Algae seems to be a sensible candidate. The single-cell organisms can grow very rapidly at sea. The bio-fuel produced from Algae already has shipping and airline companies looking into the viability of algae oil. Algae farms could produce up to 10,000 gallons of ethanol biofuel per acre, compared to 350 gallons from maize. Its energy uses aside, algae can also act as a fertilizer. Kelps fix CO2 in the atmosphere and provide sugars, oils and fats. Algae may hold a rather low rank on the food chain, but China and Japan already widely consume it in the form of seaweeds, and animals of all sizes from shrimp to blue whales eat it regularly. The hurdle seems to be in diversifying the culinary styles in which we might enjoy it. As soon as a few trendy restaurants cultivate Algae based specials on their menus, we may see a new kind of green revolution.

Leaving no stone unturned, we can’t forget the obvious option: Insects! The human population is easily dwarfed by insects, both in biomass and numbers. Eating insects, or Entomophagy, is already widely practiced across the world (Mexico has a popular Grasshopper taco.) Spiders, worms, ants and beetles are eaten across Latin America, Asia and Africa. Compared to our current livestock, insect farms require far less land, are far more efficient at converting plants into edible meat and emit fewer greenhouse gases. They are rich in proteins, low in fat and high in calcium and iron. They can even flourish on waste and paper, offering an auxiliary cleaning service. The ants crawling all over your picnic may soon become the main course themselves.

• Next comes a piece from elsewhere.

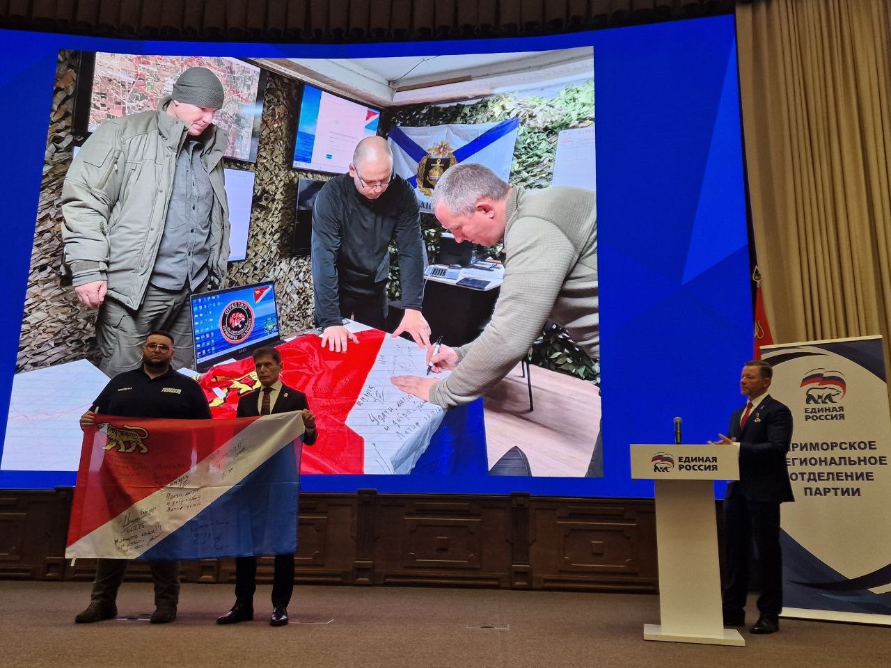 Секретарь регионального отделения партии, Губернатор Приморского края О.Н. Кожемяко высоко оценил деятельность «Единой России». В своем выступлении он подвел итоги прошедших муниципальных выборов, на которых депутатские мандаты получили 11 вернувшихся бойцов СВО, а явка избирателей составила рекордные для такого уровня 33%, отметил масштабную работу по поддержке участников СВО и их семей, а также активное вовлечение молодежи.

       There are many new horizons available to us, but we should learn from the blunders we’ve made in the last century when it comes to modifying nature. For every step towards progress, we’ve suffered new dangers as well. Antibiotics kill most bacteria, only leaving the strongest and most resistant to come back in a wave of powerful vengeance. Hybrid seeds, chemical fertilizers and genetically modified crops helped us feed millions of starving people in drought stricken lands. But now the weeds have cross bred with the crops, and have become resistant to herbicides of ever increasing potency. We’re poisoning the soil and water supplies, and cannot afford to fell more forests for new farmland. The genetic modification lobby continues to promise fruits infused with vaccines, rapidly maturing animals and more efficient crops, but it might be wiser to stop combating nature and instead separate our experimentations from it. 
       Zhikang Li is a Chinese plant breeder, who has spent years working with his team to produce “green super rice”. His rice produces more grain, is more resistant to droughts, floods, salty water, insects and disease and was created without any GM technology. He took the natural route, working with hundreds of farmers and researchers in several countries to cross-breed more than 250 plants into his bountiful creation. This is the way we should be interacting with nature.

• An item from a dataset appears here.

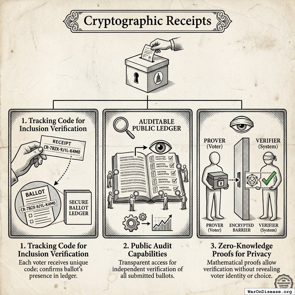 - Individual Verification: Each voter gets a cryptographic receipt proving their vote was counted

       Meanwhile our lab meat, insect cuisine and algae productions might be better suited in isolated Vertical Farms, encased laboratories and modernized greenhouses. Controlled environments can offer us less exposure to chemicals, pesticides and toxins. We can create a firewall between the “natural” world food supply, and our scientific efforts. That way, much like the Hunters and Gatherers of old, we’ll have two separate and equally important sources of food we can rely on!